Добровольного продвижения к лучшей кибергигиене со стороны частного сектора уже недостаточно. Вместо этого новая стратегия обещает поддерживать новую нормативно-правовую базу, которая сместит ответственность и создаст стимулы для частных компаний защищаться от критических уязвимостей.
Почему документ государственного сектора зациклен на частном секторе
Частный сектор привлек внимание опасающегося кибербезопасности государственного сектора из-за множества громких кибер-инцидентов за последние несколько лет. В 2017 году бюро кредитных историй клиентов Equifax подверглось взлому, в результате которого были скомпрометированы личные данные более 143 миллионов американцев, что привело к урегулированию спора с Федеральной торговой комиссией на сумму 425 миллионов долларов. Злоумышленники все чаще используют программы-вымогатели против американских компаний, требуя больших сумм денег за безопасный обмен конфиденциальными данными.

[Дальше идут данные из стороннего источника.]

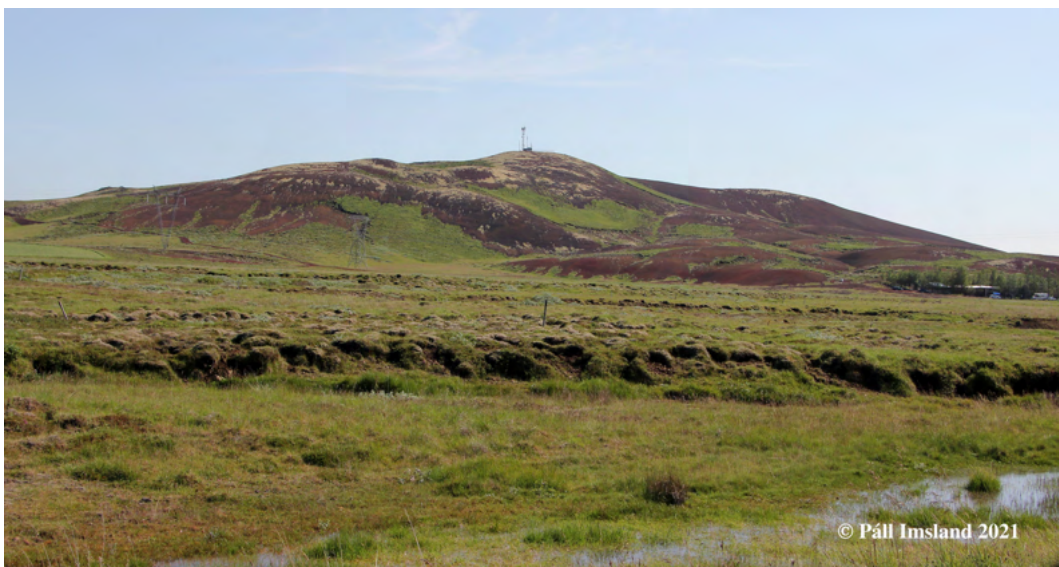
15. mynd: Seyðishólar séðir úr vestnorðvestri. Héðan sjást námurnar í hólunum ekki en hin ávala bunguformaða lögun hólanna er áberandi.

Upprunaleiki: Seyðishólar hafa verið opnaðir í þrem námum og upprunalegt yfirbragð hólanna er þannig horfið. Útliti þeirra sem landslagsforma hefur verið stórlega raskað. Þetta setur Seyðishóla í lágt verndargildi. Þó má enn sjá formgerð hina upprunalegu útlína Seyðishóla ef þeir eru skoðaðir úr vestri (15. mynd). Þaðan sér ekkert til námanna eða þeirrar röskunar sem þær hafa í för með sér á formum gíghólanna. Hér er Seyðishólum gefin einkunn uppá 0,5 fyrir þennan þátt.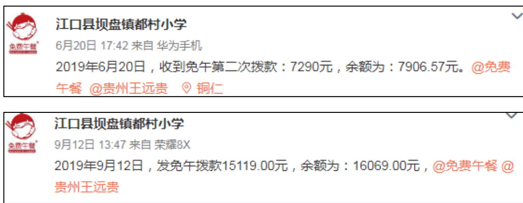
图 2 微博公示拨款截图

说明：2019年6月11日和2019年9月4日官网公示已经拨款，官网公示拨款金额分别为7290元和15119元，微博公示拨款分别为7290元和15119元，与实际相符。学校微博公示与官网公示拨款金额一致。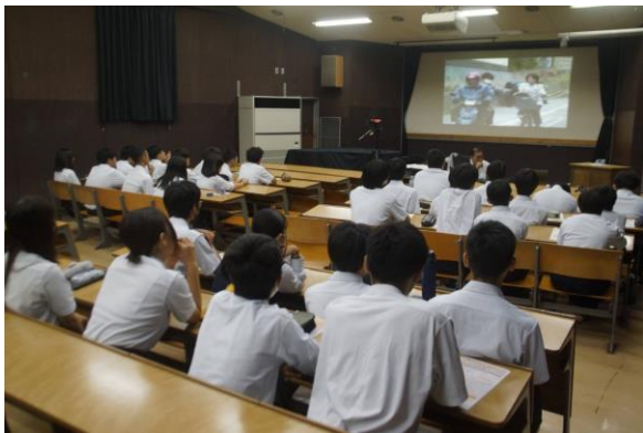
交通安全教室の様子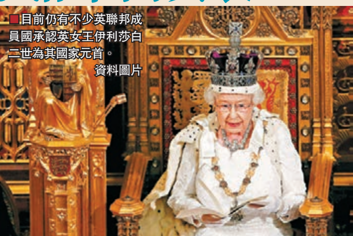
■目前仍有不少英聯邦成員國承認英女王伊利莎白二世為其國家元首。資料圖片

起及英國國力的日漸式微，其殖民地紛紛獨立。後來，英國與大部分前殖民地國家組成一個國際性組織——英聯邦，維持英國對世界各國事務的影響力。獨立後的英殖民地大部分都進入英聯邦。1997年，香港回歸中國後，英國還有14塊海外領土，以及有16個英聯邦成員國承認英女王伊利莎白二世為其國家元首。但與大英帝國不同，英國在英聯邦制度下，再沒法在政治、外交及經濟等方面直接影響成員國。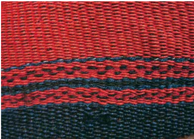
Detalle del iraka u orillo del anaco de fiesta.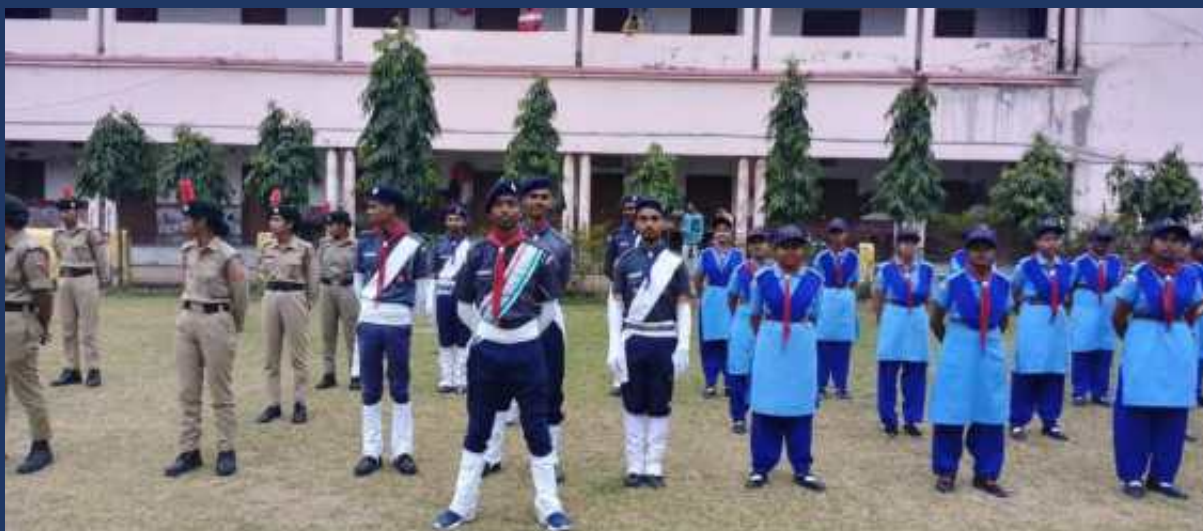
महाविद्यालय के रोवर्स रेंजर्स द्वारा महाविद्यालय में दिनांक 26 जनवरी 2023 को राष्ट्रीय पर्व गङ्गंतत्र दिवस कार्यक्रम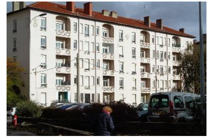
A g., façade Cité-Jardin typique 178 rue de Gerland. Ci-dessus, au 1 et 3 rue Benjamin-Delessert.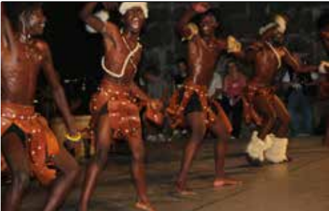
Praça Municipal (Palco)

Rusga de São Vicente de Braga – Grupo Etnográfico do Baixo Minho (Braga, Portugal); Atlan Bulag (Buriácia); Ballet folkloórico de la Universidad Autónoma de Coahuila (México); Danzart Bolivi (Bolívia); Kud Ljubomir Ivanovich Gedza (Servia); Identidad Peru (Peru); Nairobi Ensemble (Quénia); Folk Ensemble “Preporod” Dugo Selo (Croácia).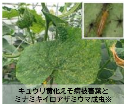
キュウリ黄化えそ病被害葉と ミナミキイロアザミウマ成虫※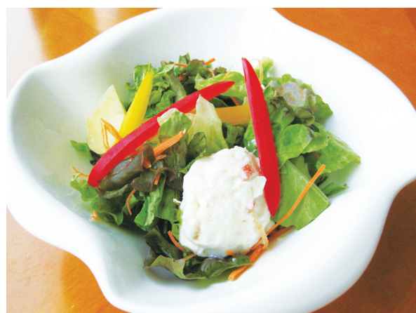
季節のサラダ 계절 샐러드 800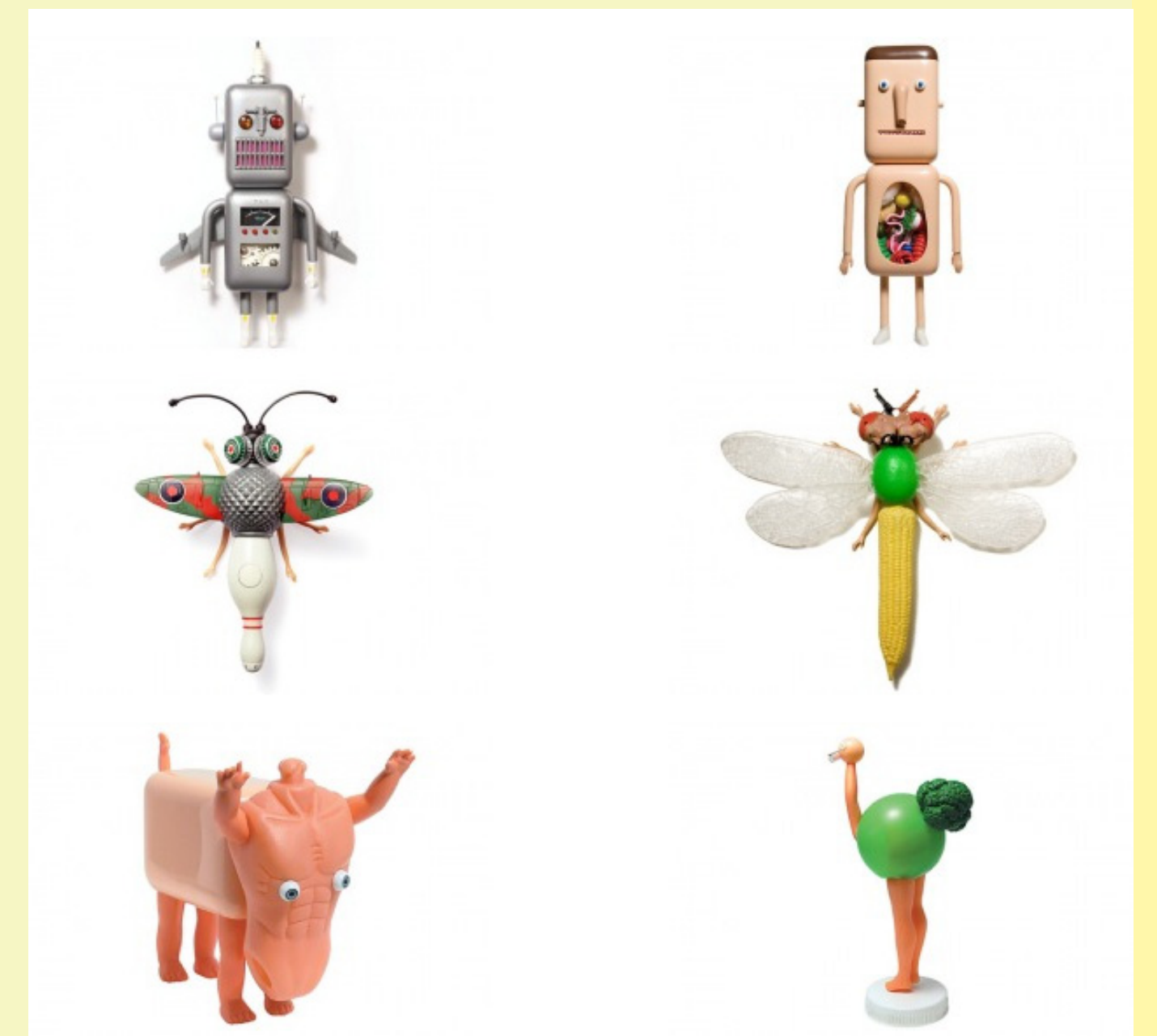
Imagen del blog: Patricio Rodríguez Gonzalez. Artista: Sang Won Sung

Es una colección de páginas web que pueden ser editadas fácilmente y están abiertas pero se pueden configurar para proporcionar un acceso selectivo o bien ser totalmente cerradas. Dispone de una sencilla base de datos en línea donde cada página es editada fácilmente por cualquier usuario con un navegador web y no se precisa de un software específico. Son almacenes de conocimiento compartido que crece y se enriquece con nuevas aportaciones.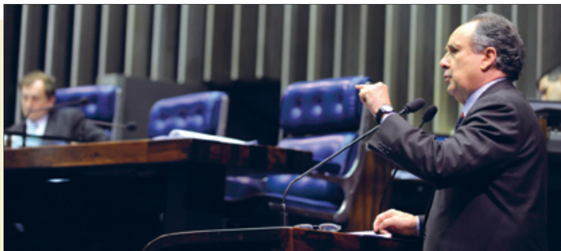
Cristovam (D) lembra que vários países instituíram a representação de seus trabalhadores que vivem no exterior

Cristovam Buarque contestou ontem críticas da imprensa à proposta, de sua autoria, que prevê a representação, na Câmara dos Deputados, dos brasileiros que vivem no exterior. O projeto foi aprovado pelos senadores em primeiro turno. O senador lembrou que "3,5 milhões de brasileiros trabalham duro em outros países e enviam ao Brasil 6 bilhões de dólares por ano". 8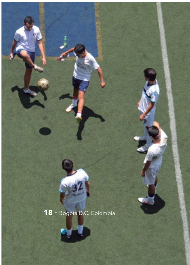
18 • Bogotá D.C. Colombia

El Centro Javeriano de Formación Deportiva ofrece espacios para desarrollar actividades físicas y deportivas. Está disponible de domingo a domingo en horarios extendidos y tiene excelentes escenarios y equipos de última tecnología. Su sistema deportivo permite que cualquier estudiante pueda hacer parte de las 120 selecciones de facultad de la Universidad o de las selecciones Javerianas que han ganado los torneos regionales por más de 6 años y participan con éxito en los Juegos Nacionales Universitarios.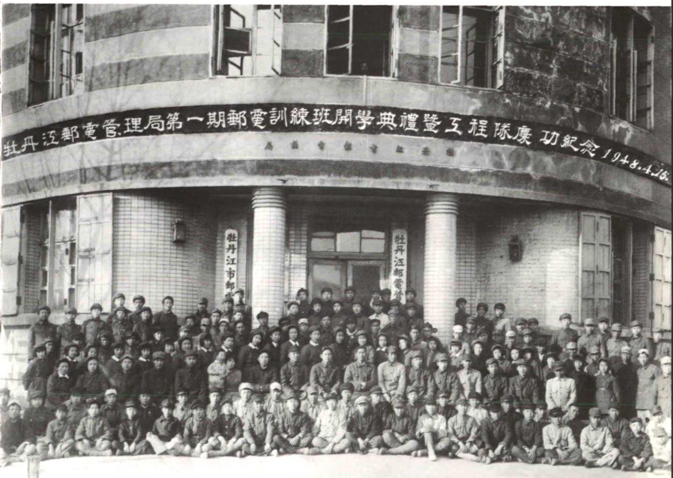
第一期邮电训练班开学典礼暨工程队庆功纪念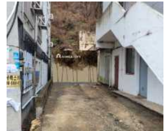
[그림 2] 가림막 적용 시안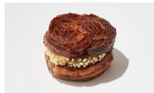
カフェ・オ・レクリームのカイニアアマンサンド ¥320

ダーズリンとスパイスで香り付した青森県産紅玉りんごとミルククリームをヴィエノワ生地でサンド。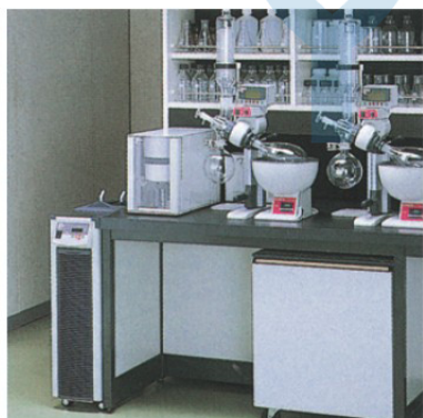
側邊置放並可移動 (CA-1113)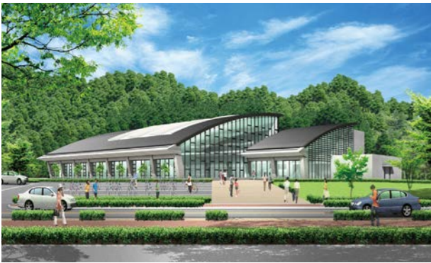
市営プールのイメージ図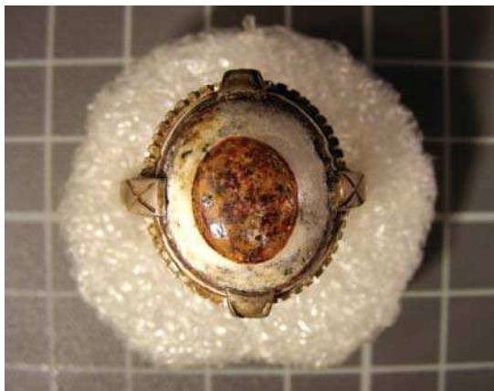
تصویر ۱. انگشتر با نگین باباقوری، دوره قاجار، مجموعه خصوصی دکتر محفوظی

انگشترهای نگین دار از مهمترین انواع انگشتری هستند. این انگشترها علاوه بر جنبه های تزیینی کارکردهای مختلف دیگری نیز دارند. شناخت کارکرد انگشترهای نگین دار از طریق مطالعه نوشته های روی آن ها میسر می شود. نقوش حک شده روی انگشترهای ایران در دوران باستان شامل تصاویر مختلفی از جمله نقوش انسانی و حیوانی بوده است، نقوشی که با ظهور دین مبین اسلام و تحریم تصویر به نوشته های حاوی عبارت ها و جملات دعایی تغییر پیدا کرد. در دوره های تاریخی بعد از اسلام، یکی از مهمترین و معتبرترین نمونه های استفاده از انگشترهای دارای نوشته مربوط به دوران قاجار است.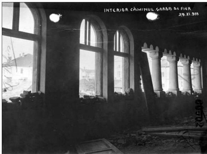
Fig. 3. Inside the Cămin, 29 November, 1933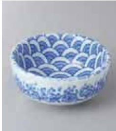
76-20-25G 380円 波3.5ボール 10.4×4.7cm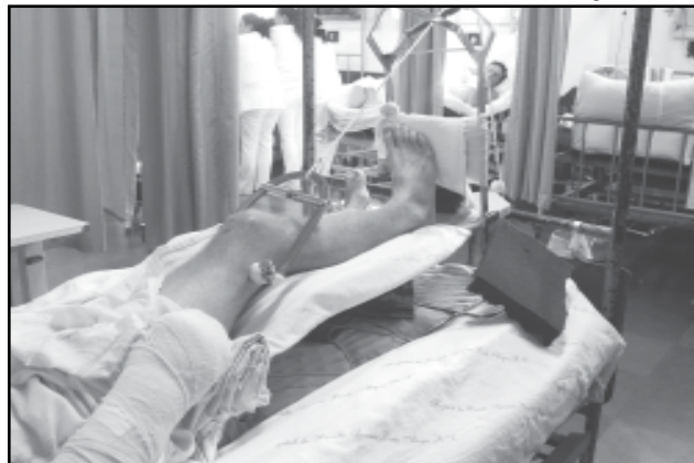
Em 2008, foram atendidas 15,8 mil vítimas de acidentes de trânsito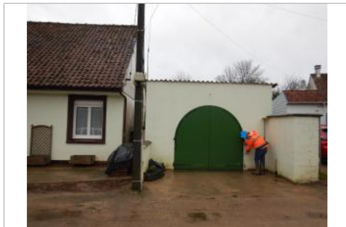
Le site est une porte d'entrée d'un garage privé.

GÉOLOCALISATION Coordonnées WGS84 : X: 1.73012429 / Y: 50.52988600 Coordonnées RGF93 (Lambert 93) X: 609823.29 / Y: 7048794.59 Coordonnées RGF93 (ETRS89) : X: 1.7301243 / Y: 50.529886 Code Hydro: E5410750 Rive de référence: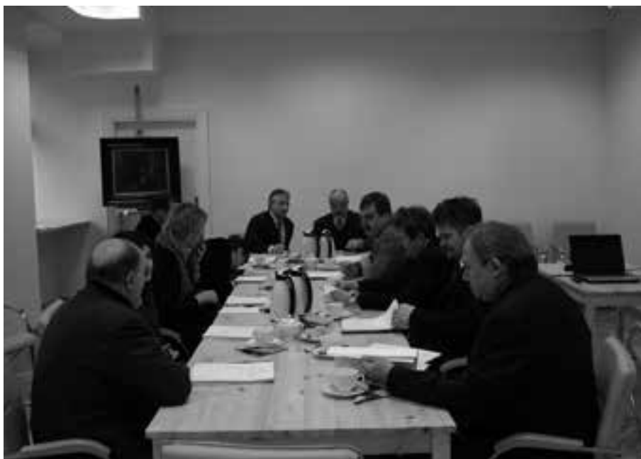
1. Inauguracyjne posiedzenie Rady Muzeum Historii Kielc, 14 II 2007 r.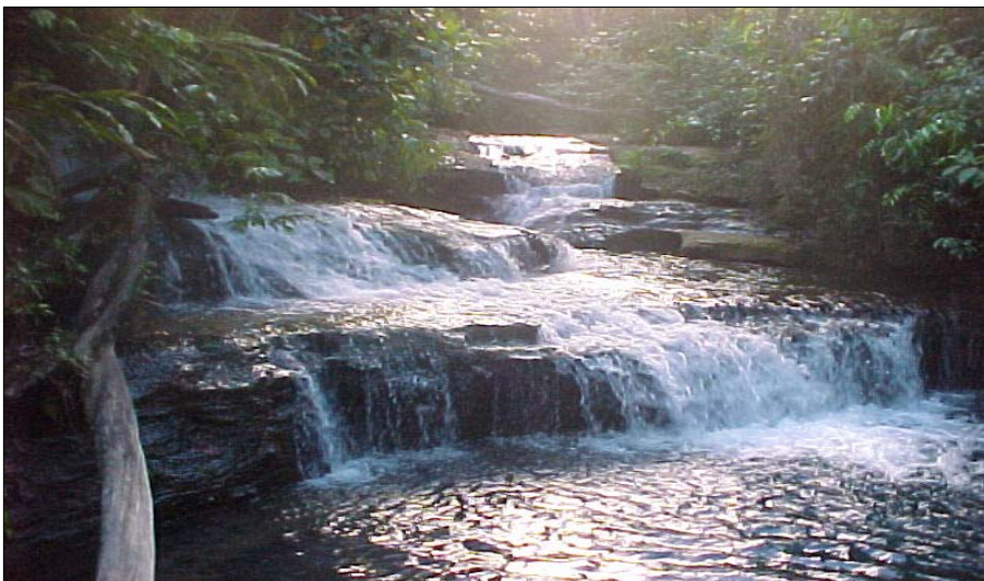
Figura APA 05. Foto da Cachoeira do Veloso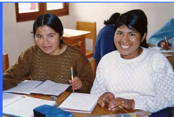
Mejora de las condiciones económicas de mujeres en desventaja de la Paz y El Alto a través de la capacitación profesional Bolivia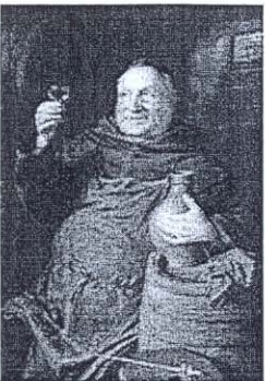
Dieser „Bruder Kellermeister“ steht sinnbildlich für ein Stück Klosterkultur.

In den mit Rücksicht auf die Patina des alten Gemäuers modernisierten Ausstellungsräumen finden sich auf 980 Quadratmetern rund 240 Exponate. In der früheren Räucherammer, deren Wände noch pottschwarz sind, schauen den Besucher ehrwürdige Äbte und Äbtissinnen aus alter Zeit an. Reich bestickte Messgewänder und ein fast wie neu wirkendes Antependium zeigen die handwerkliche Kunst und den Glanz der Barockzeit ebenso wie kostbares liturgisches Gerät vom Kelch bis zum Weihrauchfass. Zusätzlich geben Video- und Hörstationen Auskunft über klösterliches Leben früher und heute.

Программы-вымогатели продолжают оставаться популярной тактикой среди хакеров именно потому, что эти кампании часто приносят прибыль. Согласно анализу инцидентов с программами-вымогателями в США, проведенному Comparitech, атаки программ-вымогателей на американские предприятия обошлись в 20,9 млрд долларов в период с 2018 по 2023 год, при этом средний спрос на выкуп для пострадавших предприятий в 2022 году составил 4,15 млн долларов. Например, Colonial Pipeline, по которому транспортируется 100 миллионов галлонов. топлива в день, или 45% всего топлива, используемого на Восточном побережье, в 2021 году подверглись разрушительной атаке программ-вымогателей, что стало крупнейшей публично раскрытой атакой на критически важную нефтяную инфраструктуру США в истории. Преступник, DarkSide, украл 100 гигабайт данных в течение двух часов, которые он пригрозил раскрыть, если компания не заплатит группе 75 биткойнов, что на тот момент составляло около 5 миллионов долларов, которые Colonial Pipeline заплатил в течение нескольких часов, шантажировал и заставил действовать. по разрушительности атаки.
Ни одна часть экономики не застрахована. Как показал опрос 2021 года, проведенный Центром стратегических и международных исследований, 42% малых и средних предприятий подверглись кибератакам в прошлом году, и, по оценкам, 40% кибератак 2021 года были сосредоточены на малых и средних предприятиях, при этом количество атак на эти предприятия выросло на 150% за последние два года. Потенциальная возможность извлечения данных и доходов может быть ниже по сравнению с крупными предприятиями, такими как Microsoft, но у малых и средних фирм также меньше ресурсов, которые можно выделить для надежной кибербезопасности. В некоторых случаях у этих компаний просто нет выделенных ресурсов для кибербезопасности.
Три вещи, которые нужно знать компаниям о национальной стратегии кибербезопасности
В то время как 39-страничный документ содержит бюрократические модные слова, такие как «согласование», «заинтересованные стороны» и «многосторонний», мы определили три конкретных вещи, которые бизнес-лидеры должны знать о новой стратегии.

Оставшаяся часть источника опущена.